Supplied records —
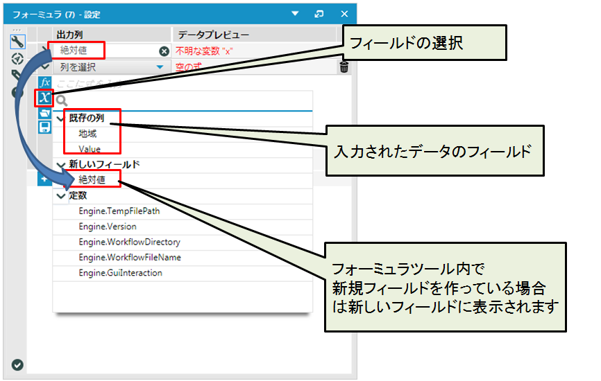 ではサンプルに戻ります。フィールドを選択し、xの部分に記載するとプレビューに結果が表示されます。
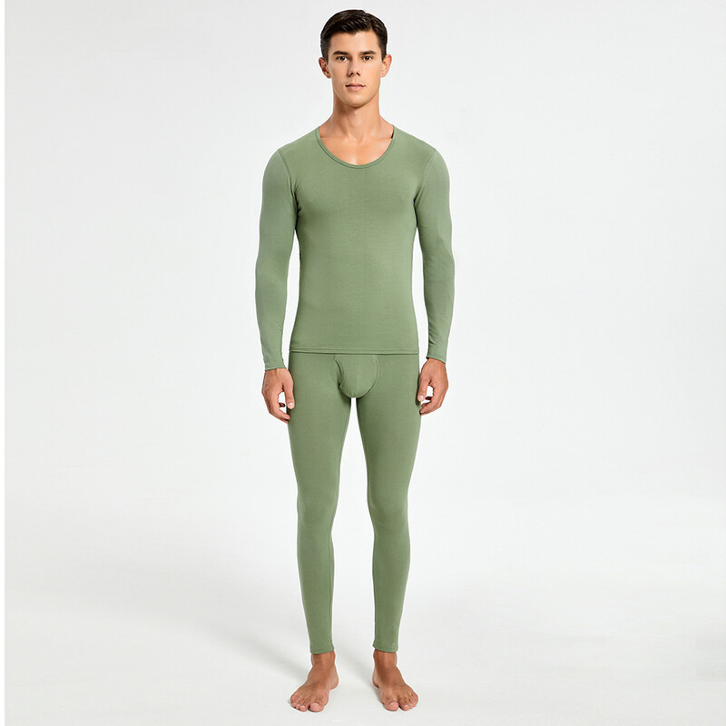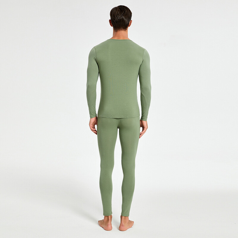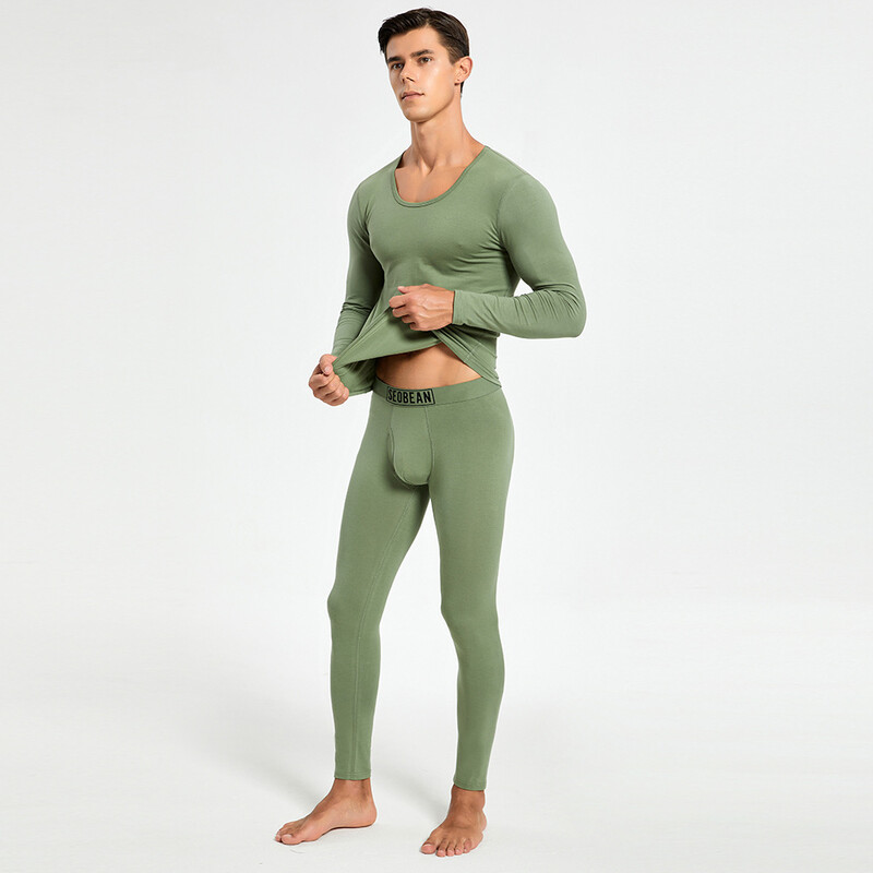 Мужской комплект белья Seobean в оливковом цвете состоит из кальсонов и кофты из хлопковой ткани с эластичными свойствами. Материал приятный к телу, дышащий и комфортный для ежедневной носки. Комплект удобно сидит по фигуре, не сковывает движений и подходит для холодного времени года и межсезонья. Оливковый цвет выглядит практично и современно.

---

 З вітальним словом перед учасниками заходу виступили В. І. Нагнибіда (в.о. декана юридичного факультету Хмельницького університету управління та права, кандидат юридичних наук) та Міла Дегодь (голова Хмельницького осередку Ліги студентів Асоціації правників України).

* * *

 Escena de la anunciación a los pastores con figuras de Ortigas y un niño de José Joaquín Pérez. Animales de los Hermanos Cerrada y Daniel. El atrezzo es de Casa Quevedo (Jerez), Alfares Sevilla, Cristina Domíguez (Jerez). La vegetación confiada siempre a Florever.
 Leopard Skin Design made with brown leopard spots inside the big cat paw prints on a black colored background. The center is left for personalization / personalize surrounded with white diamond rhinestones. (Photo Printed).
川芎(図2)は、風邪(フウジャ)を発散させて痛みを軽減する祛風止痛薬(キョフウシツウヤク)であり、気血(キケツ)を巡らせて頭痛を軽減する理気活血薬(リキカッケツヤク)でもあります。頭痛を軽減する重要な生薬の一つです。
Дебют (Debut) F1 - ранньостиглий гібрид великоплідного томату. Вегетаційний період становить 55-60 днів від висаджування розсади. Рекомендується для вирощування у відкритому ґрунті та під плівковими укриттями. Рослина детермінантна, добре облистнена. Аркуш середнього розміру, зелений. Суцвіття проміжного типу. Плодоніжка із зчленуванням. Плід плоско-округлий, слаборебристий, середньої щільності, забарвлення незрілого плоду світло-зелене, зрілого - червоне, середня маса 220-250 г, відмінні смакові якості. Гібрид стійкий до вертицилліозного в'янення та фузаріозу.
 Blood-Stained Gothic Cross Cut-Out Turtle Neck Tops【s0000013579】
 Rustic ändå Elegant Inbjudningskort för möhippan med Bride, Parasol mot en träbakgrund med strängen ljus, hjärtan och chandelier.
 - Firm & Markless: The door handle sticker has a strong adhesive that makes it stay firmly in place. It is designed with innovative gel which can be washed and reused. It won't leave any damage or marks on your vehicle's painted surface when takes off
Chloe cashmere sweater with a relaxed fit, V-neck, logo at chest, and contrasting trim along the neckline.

Task to carry out —
Give back, exactly as written, the stretch from the line with "Rustic ändå Elegant" through the line with "Chloe cashmere sweater", and no other lines from the records above.

Result of the task —
 Rustic ändå Elegant Inbjudningskort för möhippan med Bride, Parasol mot en träbakgrund med strängen ljus, hjärtan och chandelier.
 - Firm & Markless: The door handle sticker has a strong adhesive that makes it stay firmly in place. It is designed with innovative gel which can be washed and reused. It won't leave any damage or marks on your vehicle's painted surface when takes off
Chloe cashmere sweater with a relaxed fit, V-neck, logo at chest, and contrasting trim along the neckline.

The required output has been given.